*** Data records ***
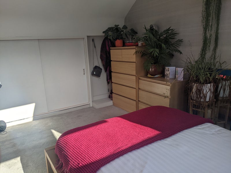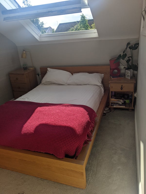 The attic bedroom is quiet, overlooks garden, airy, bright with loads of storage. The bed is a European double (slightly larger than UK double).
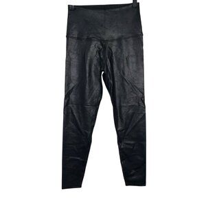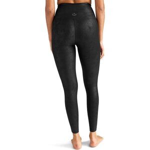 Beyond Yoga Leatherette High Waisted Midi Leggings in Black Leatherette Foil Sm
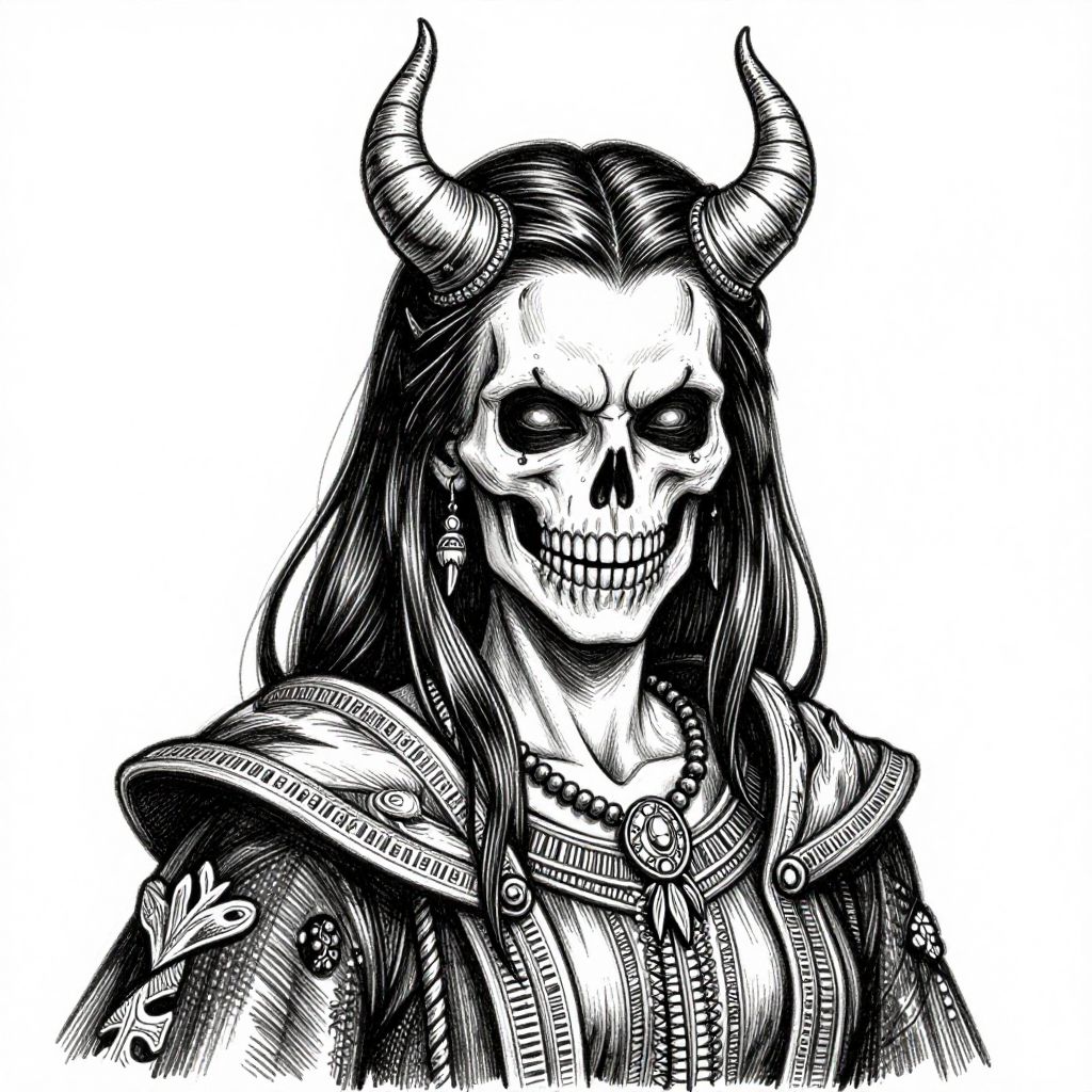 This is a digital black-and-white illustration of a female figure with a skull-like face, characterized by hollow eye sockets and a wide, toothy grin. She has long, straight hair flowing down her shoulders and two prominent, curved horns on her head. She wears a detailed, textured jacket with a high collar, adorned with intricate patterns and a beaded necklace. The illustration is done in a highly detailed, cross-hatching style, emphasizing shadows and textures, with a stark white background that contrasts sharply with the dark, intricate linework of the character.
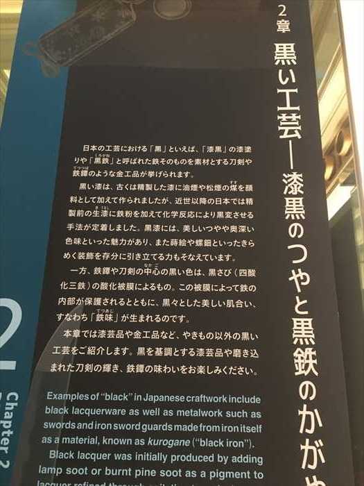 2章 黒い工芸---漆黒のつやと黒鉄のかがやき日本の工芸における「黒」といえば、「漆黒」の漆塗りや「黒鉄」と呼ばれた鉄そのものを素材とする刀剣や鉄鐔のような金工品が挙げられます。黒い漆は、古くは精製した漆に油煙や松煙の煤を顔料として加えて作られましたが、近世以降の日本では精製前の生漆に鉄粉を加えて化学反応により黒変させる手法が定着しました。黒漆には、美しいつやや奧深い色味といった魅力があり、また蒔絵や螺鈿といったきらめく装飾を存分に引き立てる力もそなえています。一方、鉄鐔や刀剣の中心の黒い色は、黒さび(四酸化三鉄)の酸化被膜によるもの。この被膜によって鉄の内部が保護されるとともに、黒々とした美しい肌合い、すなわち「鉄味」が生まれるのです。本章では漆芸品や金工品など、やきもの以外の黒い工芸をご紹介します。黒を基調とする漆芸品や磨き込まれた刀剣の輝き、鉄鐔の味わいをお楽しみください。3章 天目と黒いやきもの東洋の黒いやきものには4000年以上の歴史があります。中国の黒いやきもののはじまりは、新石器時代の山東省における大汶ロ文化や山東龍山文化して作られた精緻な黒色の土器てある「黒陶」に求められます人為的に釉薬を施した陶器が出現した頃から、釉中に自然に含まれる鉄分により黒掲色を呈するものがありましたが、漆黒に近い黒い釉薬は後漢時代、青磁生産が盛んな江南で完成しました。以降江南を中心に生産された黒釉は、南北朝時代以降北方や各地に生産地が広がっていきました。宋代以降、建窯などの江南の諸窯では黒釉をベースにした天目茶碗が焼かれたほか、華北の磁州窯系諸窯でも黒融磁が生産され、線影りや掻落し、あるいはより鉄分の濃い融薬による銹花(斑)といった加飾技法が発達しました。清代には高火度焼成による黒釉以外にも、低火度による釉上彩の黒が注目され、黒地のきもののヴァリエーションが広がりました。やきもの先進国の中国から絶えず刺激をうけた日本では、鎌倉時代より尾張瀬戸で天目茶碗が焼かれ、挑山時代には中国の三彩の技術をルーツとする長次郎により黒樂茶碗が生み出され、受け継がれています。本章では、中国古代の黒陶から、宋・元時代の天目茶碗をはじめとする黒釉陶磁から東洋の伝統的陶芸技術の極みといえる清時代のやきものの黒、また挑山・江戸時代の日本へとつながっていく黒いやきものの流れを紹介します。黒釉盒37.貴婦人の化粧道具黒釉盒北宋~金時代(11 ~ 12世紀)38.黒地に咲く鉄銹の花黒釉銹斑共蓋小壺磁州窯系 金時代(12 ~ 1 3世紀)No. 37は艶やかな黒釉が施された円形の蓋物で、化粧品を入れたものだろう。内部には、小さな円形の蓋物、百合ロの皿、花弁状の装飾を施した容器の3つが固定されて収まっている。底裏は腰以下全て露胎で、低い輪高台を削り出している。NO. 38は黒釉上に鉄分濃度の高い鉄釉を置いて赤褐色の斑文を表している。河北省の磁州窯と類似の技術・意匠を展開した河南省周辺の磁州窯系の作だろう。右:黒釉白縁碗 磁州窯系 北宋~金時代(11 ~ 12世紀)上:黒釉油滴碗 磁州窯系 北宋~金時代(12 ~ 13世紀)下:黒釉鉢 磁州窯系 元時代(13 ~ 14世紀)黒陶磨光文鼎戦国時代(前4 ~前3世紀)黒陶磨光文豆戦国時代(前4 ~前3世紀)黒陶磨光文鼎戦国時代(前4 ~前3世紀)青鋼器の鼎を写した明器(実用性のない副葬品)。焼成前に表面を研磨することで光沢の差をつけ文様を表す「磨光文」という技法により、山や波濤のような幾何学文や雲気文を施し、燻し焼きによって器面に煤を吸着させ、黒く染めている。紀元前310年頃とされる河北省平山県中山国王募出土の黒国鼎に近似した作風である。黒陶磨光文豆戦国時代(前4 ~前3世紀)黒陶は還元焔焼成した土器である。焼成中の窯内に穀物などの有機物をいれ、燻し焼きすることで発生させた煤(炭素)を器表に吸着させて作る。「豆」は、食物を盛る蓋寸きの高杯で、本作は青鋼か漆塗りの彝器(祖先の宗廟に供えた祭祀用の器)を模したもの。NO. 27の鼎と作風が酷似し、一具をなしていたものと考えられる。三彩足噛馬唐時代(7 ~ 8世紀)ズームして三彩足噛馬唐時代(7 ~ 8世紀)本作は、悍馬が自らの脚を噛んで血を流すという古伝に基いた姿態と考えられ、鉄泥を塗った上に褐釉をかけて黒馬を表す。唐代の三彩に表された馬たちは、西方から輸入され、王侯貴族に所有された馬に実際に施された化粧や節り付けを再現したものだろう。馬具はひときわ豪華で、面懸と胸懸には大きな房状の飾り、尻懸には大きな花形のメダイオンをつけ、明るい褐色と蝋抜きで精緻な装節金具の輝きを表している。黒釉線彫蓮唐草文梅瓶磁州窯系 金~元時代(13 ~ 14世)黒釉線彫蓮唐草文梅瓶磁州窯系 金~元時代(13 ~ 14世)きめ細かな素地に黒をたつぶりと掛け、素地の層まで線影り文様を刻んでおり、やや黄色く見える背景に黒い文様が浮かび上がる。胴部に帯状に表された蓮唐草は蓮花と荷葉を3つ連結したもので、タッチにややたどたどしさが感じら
*** End of Data records ***
*** Data records ***
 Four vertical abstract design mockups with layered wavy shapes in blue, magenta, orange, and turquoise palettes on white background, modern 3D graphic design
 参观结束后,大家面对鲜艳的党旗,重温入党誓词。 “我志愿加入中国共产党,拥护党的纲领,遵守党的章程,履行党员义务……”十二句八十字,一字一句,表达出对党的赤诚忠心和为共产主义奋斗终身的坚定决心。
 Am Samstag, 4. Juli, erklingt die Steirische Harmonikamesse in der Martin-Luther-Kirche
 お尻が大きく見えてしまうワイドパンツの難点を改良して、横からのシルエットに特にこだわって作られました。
*** End of Data records ***
Exercise objective — In the data above, find the line with "The attic bedroom" and the line with "This is a digital". Please copy exactly those two lines and every line between them, but not the pictures.

Task output —
 The attic bedroom is quiet, overlooks garden, airy, bright with loads of storage. The bed is a European double (slightly larger than UK double).
 Beyond Yoga Leatherette High Waisted Midi Leggings in Black Leatherette Foil Sm
 This is a digital black-and-white illustration of a female figure with a skull-like face, characterized by hollow eye sockets and a wide, toothy grin. She has long, straight hair flowing down her shoulders and two prominent, curved horns on her head. She wears a detailed, textured jacket with a high collar, adorned with intricate patterns and a beaded necklace. The illustration is done in a highly detailed, cross-hatching style, emphasizing shadows and textures, with a stark white background that contrasts sharply with the dark, intricate linework of the character.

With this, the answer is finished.